When companies map in OSM they often make public which users are mapping on their behalf. Filtering for users in changesets is another way to investigate the impact of corporate mapping on overall OSM mapping. Both companies document their organized editing activity. For Facebook you can check the OSM Wiki and for Apple you will find information on their OSM mappers on Github.

Filter for all changesets created by users listed in a) facebook_users.csv and b) apple_users.csv. Save the filtered data into the geopackage.

import pandas as pd

files = [
    "facebook_users.csv",
    "apple_users.csv"
]

for file in files:
    corporate_mappers_df = pd.read_csv(file)

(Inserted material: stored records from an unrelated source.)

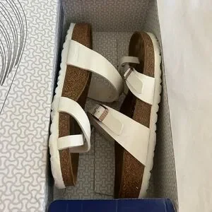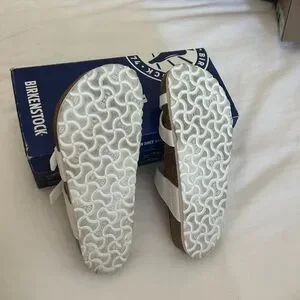 Stylish Birkenstock Mayari sandals with dual adjustable straps in rose gold. Worn a few times but in good condition. Perfect for casual wear.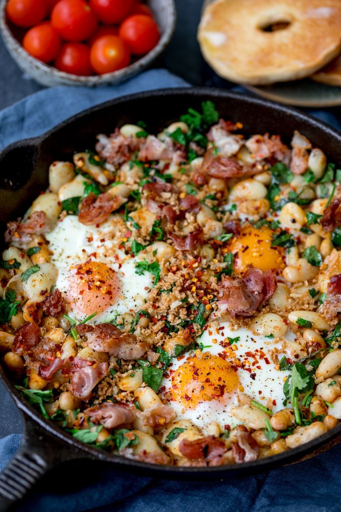 No, it's not shakshuka. Not a crushed tomato in sight! This is my Spicy Egg Breakfast with Smashed Beans and Pancetta!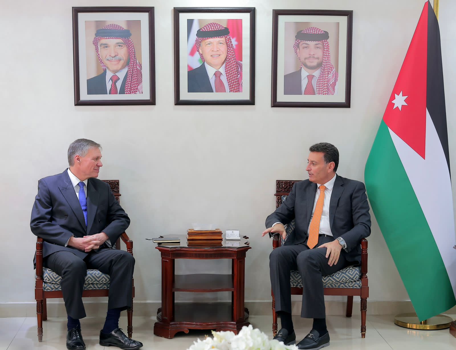 من جهته أكد السفير البريطاني حرص بلاده على تعزيز آفاق التعاون مع الأردن في المختلف المجالات، مؤكداً إيمان بلاده بحل الدولتين كسبيل لإنهاء الصراع وتحقيق السلام الشامل الذي يلبي تطلعات الشعوب بحياة آمنة ومستقرة بعد سنوات من الحرب والدمار.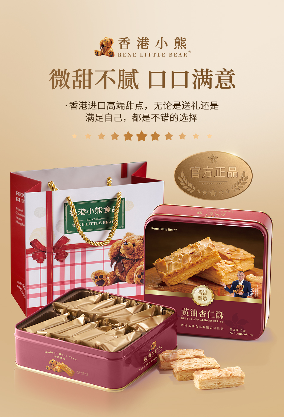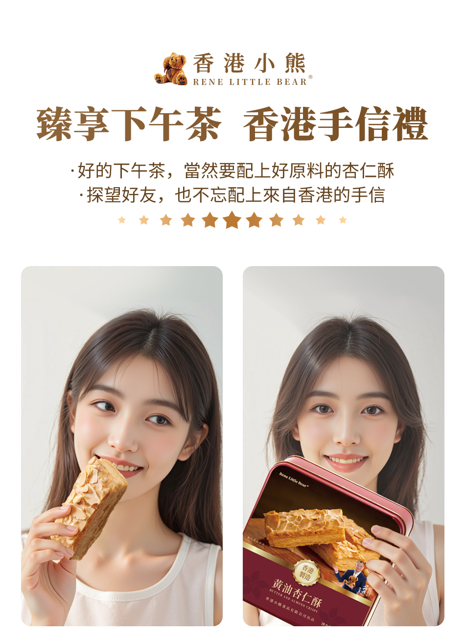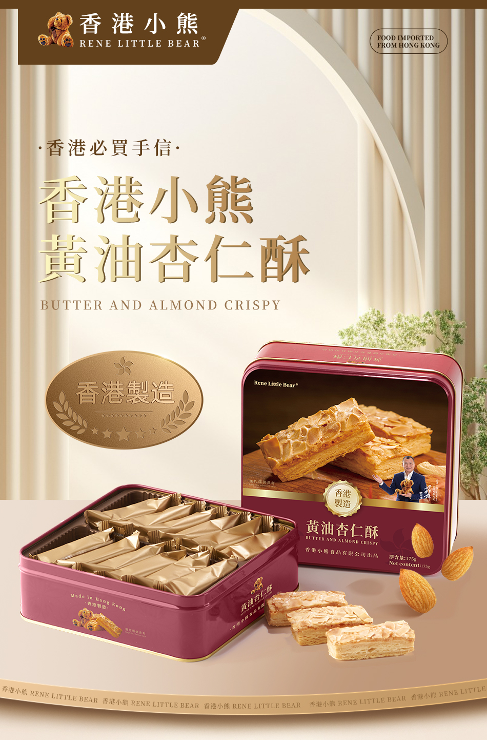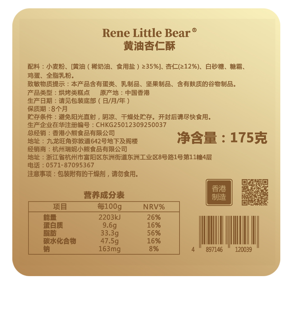 【顺丰包邮】Rene Little Bear 香港小熊 黄油杏仁酥 175g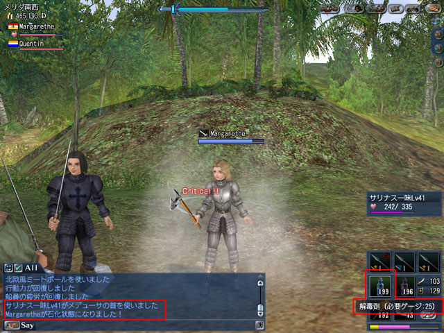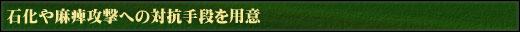 石化や麻痺、毒などの状態変化攻撃を受けても、“耐えて効果を受けない”といったケースが発生するようになります。また、石化などでプレイヤーキャラクターが操作できない状態になっても、《解毒剤》など“陸戦状態回復”の効果があるアイテムのみ、使用できるようになります。アイテムスロットに登録しておけば、もしもの時に役立つでしょう。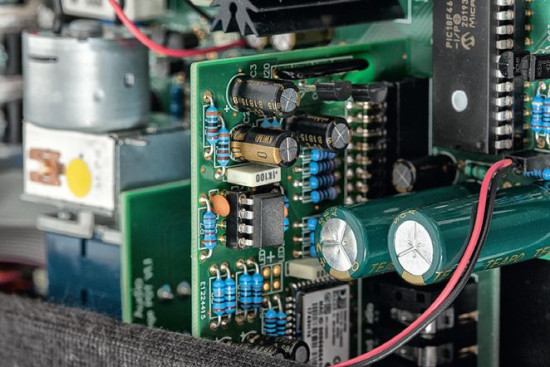 Sporo miejsca zajmuje przedwzmacniacz gramofonowy. Nie jest to "pierwszy lepszy" gotowiec na scalakach, ale układ na elementach dyskretnych. Obwód wejściowy zawiera hermetyczne przekaźniki w roli przełączników wejść, a regulator głośności to klasyczny potencjometr firmy Alps (chociaż z silniczkiem, zdalnie sterowany), dlatego wskazania głośności nie pojawiają się na wyświetlaczu.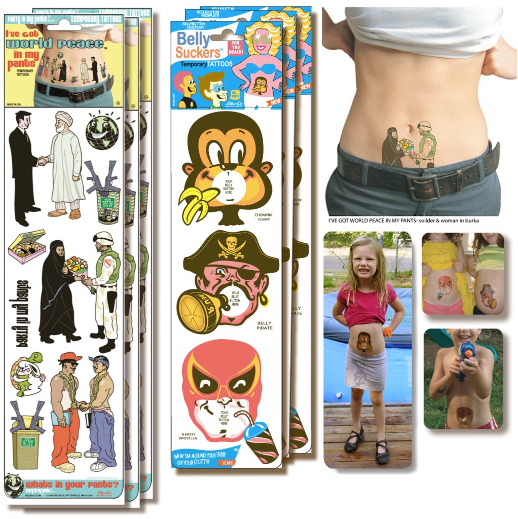 Blue Q’s TEMPORARY TATTOOS My goal was to create tats for acreage on the body rarely harvested for ink: the belly. Sure, Tupac’s belly tat did start a revolution near the belly button, but strictly for the wanna-be gangsta set. The I’VE GOT WORLD PEACE IN MY PANTS® temp tat set offers everyone the opportunity to tuck some good vibes into their pants. • BELLY SUCKERS® Turns out kids really dig a Thirsty Pirate hoisting a bottle of rum to their navel.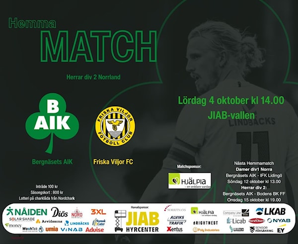 Lördag 4 oktober kl. 14.00 möter BAIKs herrar Friska Viljor FC i div.2 fotbollen.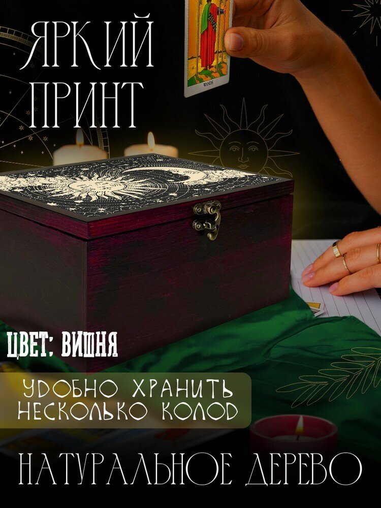 Шкатулка цвета вишни для хранения карт Таро и аксессуаров, 22x17x12 см, Небо - 33 информация: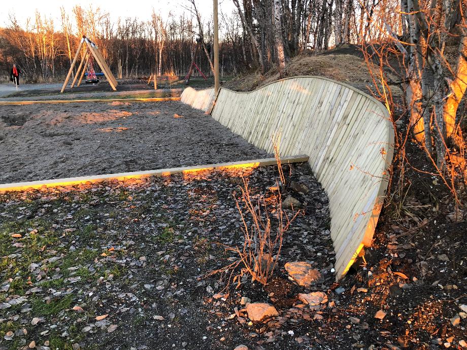Morsom buet og innoverlent støttemur, kledd med tre for å "myke opp"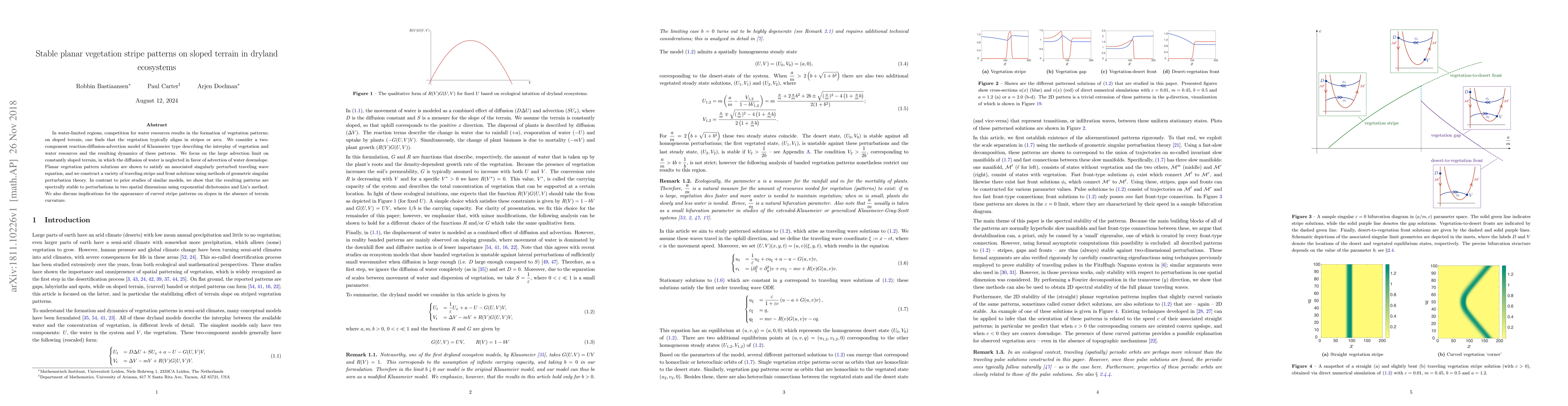 The novelty of this work lies in demonstrating the spectral stability of planar vegetation stripe patterns on sloped terrain in two spatial dimensions, contrasting with previous studies that did not consider this aspect, and in applying geometric singular perturbation theory to construct traveling wave solutions.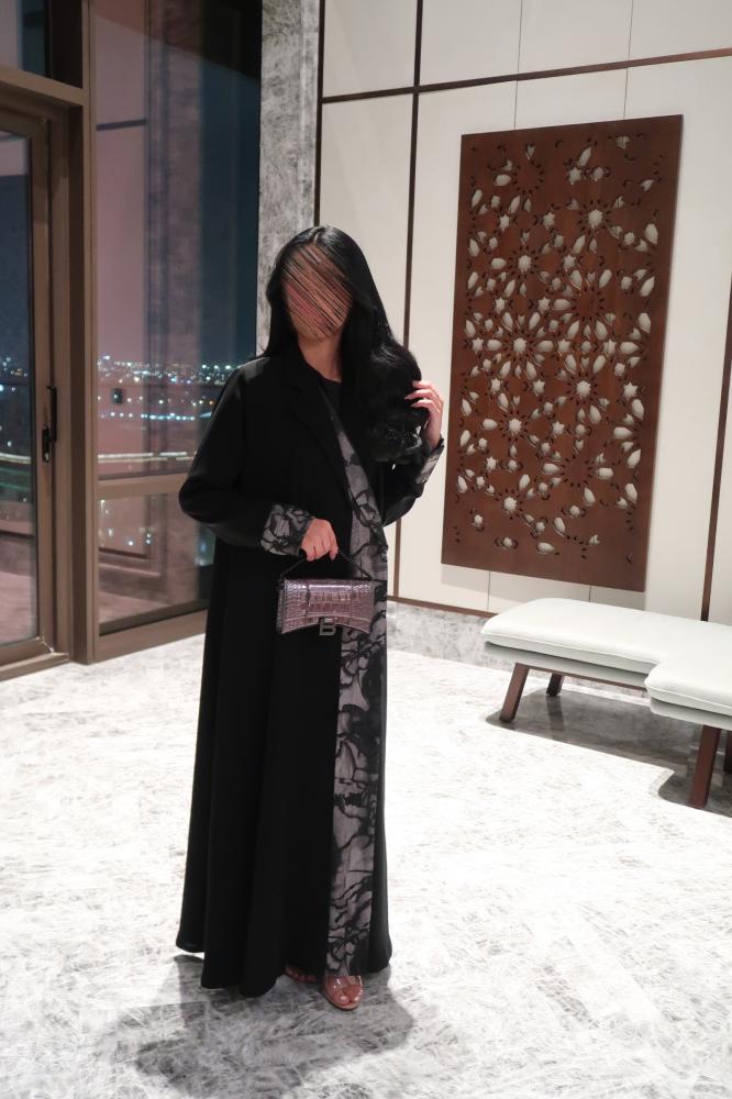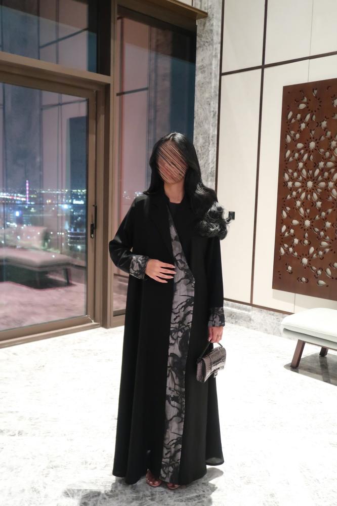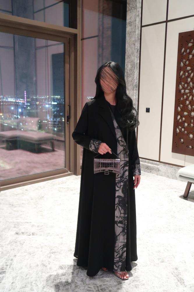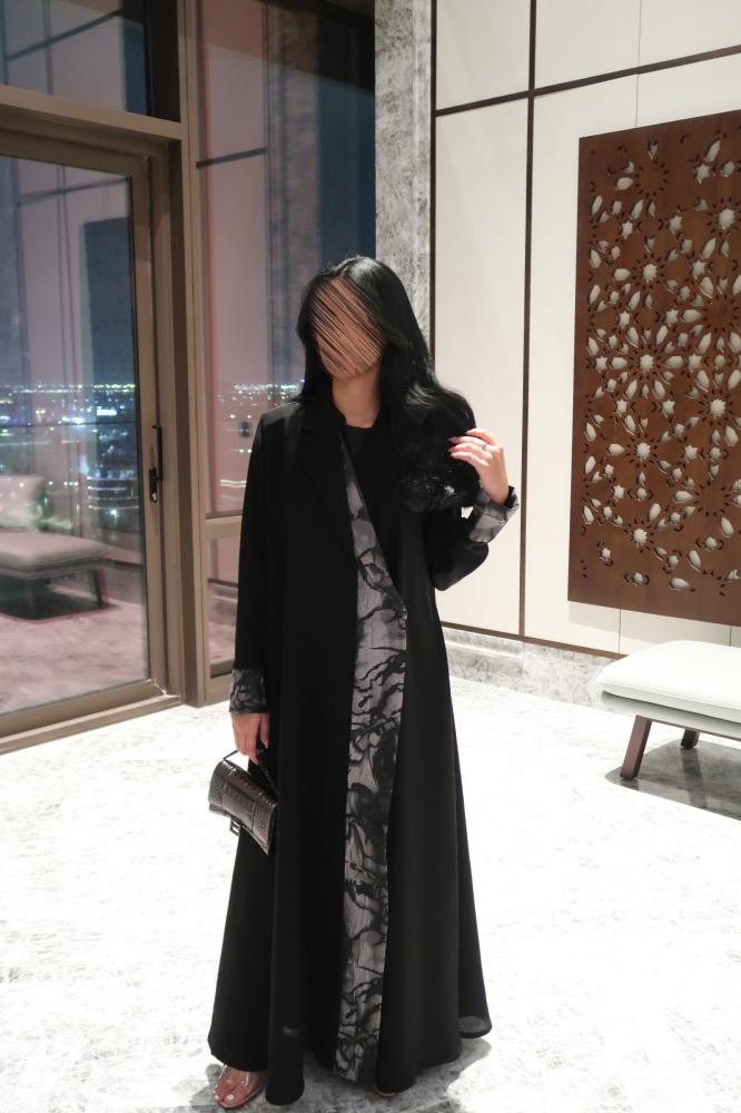 Light, flowing, Korean crepe blazer abaya with half-flared shoulders and a patterned jacquard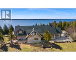Introducing The Estate on Michaels Bay, a rare 116-acre waterfront property on Manitoulin Island offering unmatched commercial potential. With 928 feet of shoreline on Lake Huron, this estate features a 9,000 sq ft log lodge, 3,000 sq ft guest house, 3,600 sq ft heated workshop, private lake, and a 2,500 ft air strip allowing direct access from Toronto in just 85 minutes by private plane. There is also a commercial airport with a 3,500 ft runway capable of handling executive jets just 40 minutes away from the property. The MS Chi-Cheemaun ferry from Tobermory to Manitoulin Island is 20 minutes away. Previously operated as a restaurant, the property is primed for revival as a destination dining venue or luxury hospitality experience. Its layout and amenities make it ideal for a corporate retreat, wellness resort, or boutique lodge. Development for a golf course was initiated, with fairways already cleared offering a head start for investors looking to complete and brand a signature course. The main residence boasts vaulted ceilings, radiant in-floor heating, a dramatic 4-sided stone fireplace, luxury kitchen, spa-like primary suite, and expansive entertainment spaces. The guest house includes 4 bedrooms and 2.5 baths, while the workshop offers oversized garage doors, EV charging, and an unfinished apartment. Backing onto 500+ acres of protected conservation land with hiking trails, this gated estate blends privacy, adventure, and upscale infrastructure. Whether reimagined as a resort, executive retreat, or legacy investment, this property delivers a once-in-a-lifetime opportunity to shape a premier destination in Northern Ontario. Manitoulin Island is the Largest Fresh Water Island in the World with stunning natural beauty, including beautiful waterfalls, sandy beaches, and numerous lakes and trails. It's a popular destination for camping, hiking, and stargazing, offering a tranquil escape into nature. The island is easily accessible by vehicle, airplane and boat. (id:47351)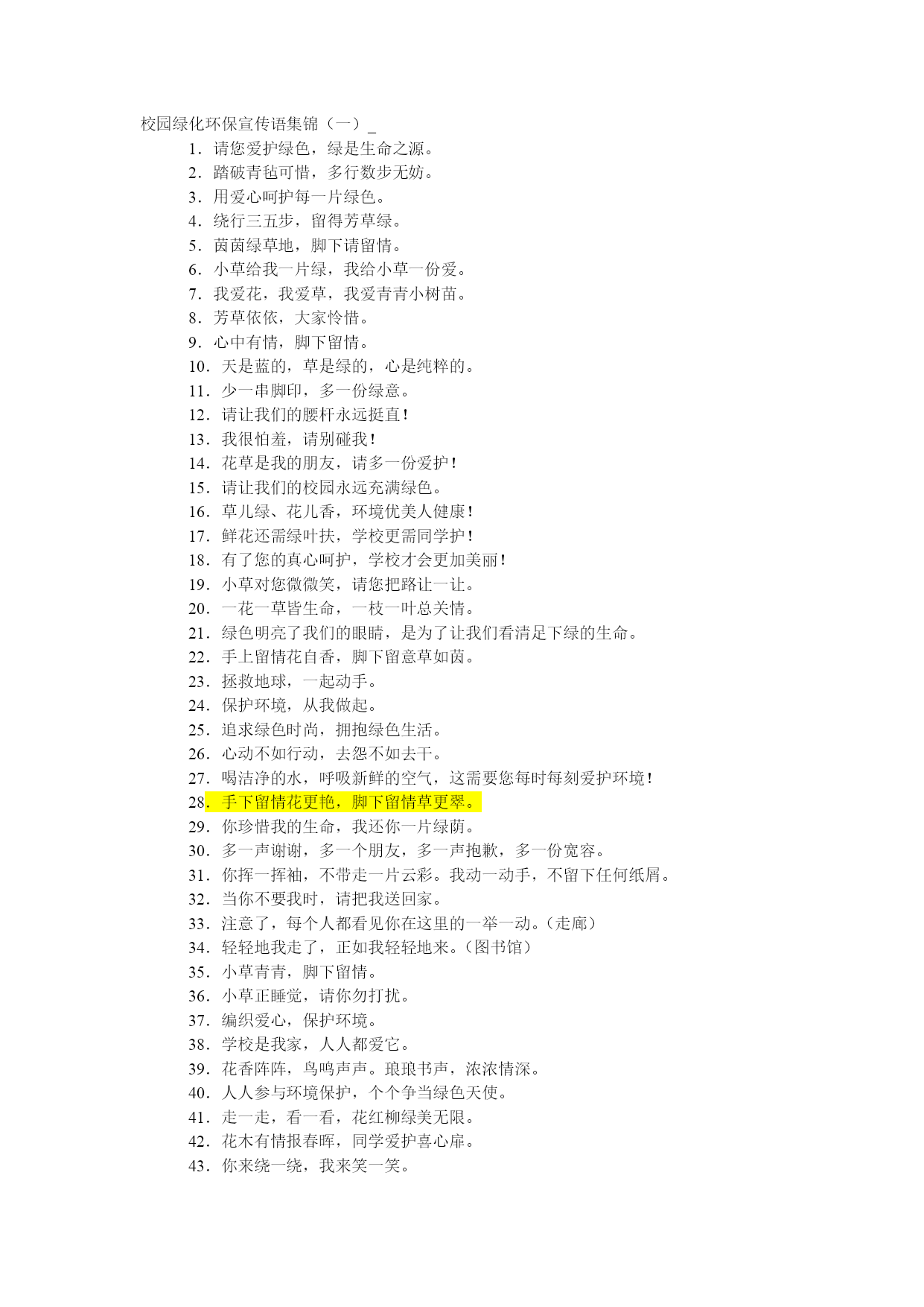 校园绿化环保宣传语集锦(一)_1.请您爱护绿色,绿是生命之源。2.踏破青毡可惜,多行数步无妨。3.用爱心呵护每一片绿色。4.绕行三五步,留得芳草绿。5.茵茵绿草地,脚下请留情。6.小草给我一片绿,我给小草一份爱。7.我爱花,我爱草,我爱青青小树苗。8.芳草依依,大家怜惜。9.心中有情,脚下留情。10.天是蓝的,草是绿的,心是纯粹的。11.少一串脚印,多一份绿意。12.请让我们的腰杆永远挺直!13.我很怕羞,请别碰我!14.花草是我的朋友,请多一份爱护!15.请让我们的校园永远充满绿色。16.草儿绿、花儿香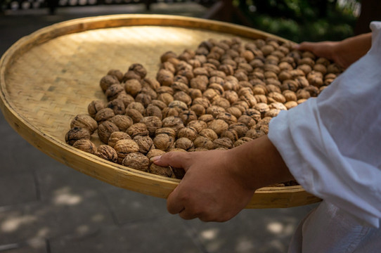 一般医生都会在这里,在这片景色下,医生闲暇之余还会做些生活乐事,这不刚好收获了一些山核桃正准备放在太阳下晒干。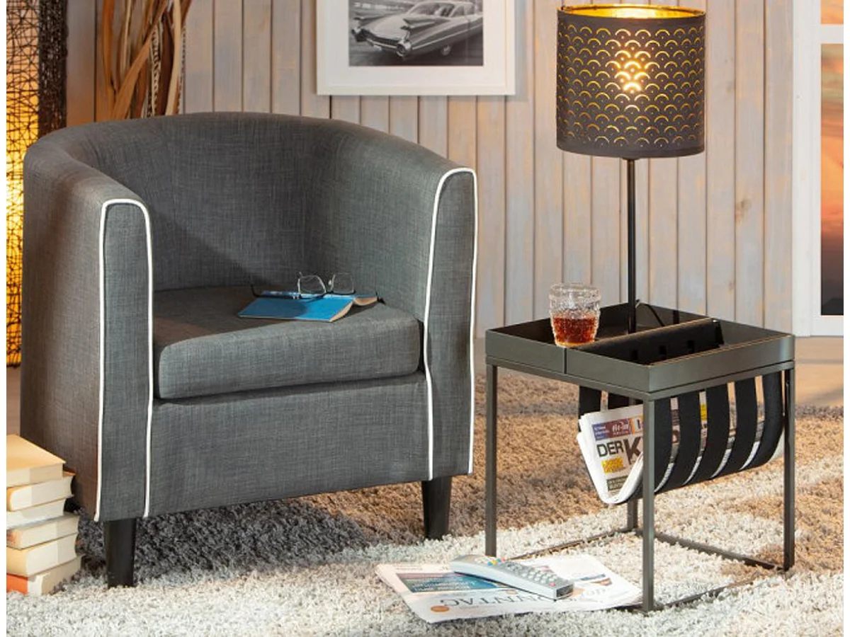 Table d'appoint carrée / porte-revue en métal coloris anthracite - L.35 x H.40 x P.35 cm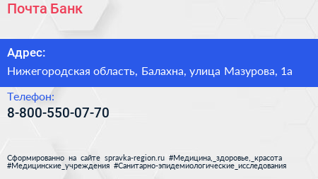 Почта Банк по адресу Нижегородская область, Балахна, улица Мазурова, 1а в дальнейшем Организация, размещена в следующих категориях:

    # filter by user_names defined in csv file
    df_filtered = df[
        df["user_name"].isin(corporate_mappers_df["user_name"])
    ]
    
    plt.scatter(
        df_filtered["geometry"].x,  # get x coordinate from geometry
        df_filtered["geometry"].y,  # get y coordinate from geometry
        alpha=0.01  # make sure to use a very low value here to avoid too much overplotting
    )
    plt.title(file)
    plt.show()

    #write filtered dataframe to geopackage
    df_filtered.to_file(
        "changesets.gpkg",
        layer="changesets_facebook_centroids",
        driver="GPKG"
    )

    display(f"{file}: {df_filtered['user_id'].nunique()}")
../../_images/27b2a09200beaeb415aa9b56edb92053b4362ceb7e19bbac2fd4bc56090a7441.png
'facebook_users.csv: 40'
../../_images/9e825e61b45a8daa2912057766e16f37a8c002e4c86822d539f58bfe15c6ad00.png
'apple_users.csv: 433'

4. Conclusion#

Obviously our analysis has been relatively simple here, since we did not look into what has actually been mapped. Nevertheless, looking at the metadata captured in changesets is often a good starting point to test assumptions. Often you will do a more detailed analysis using the actual OSM data (e.g. contributions) in a subsequent step when you know better what to look out for.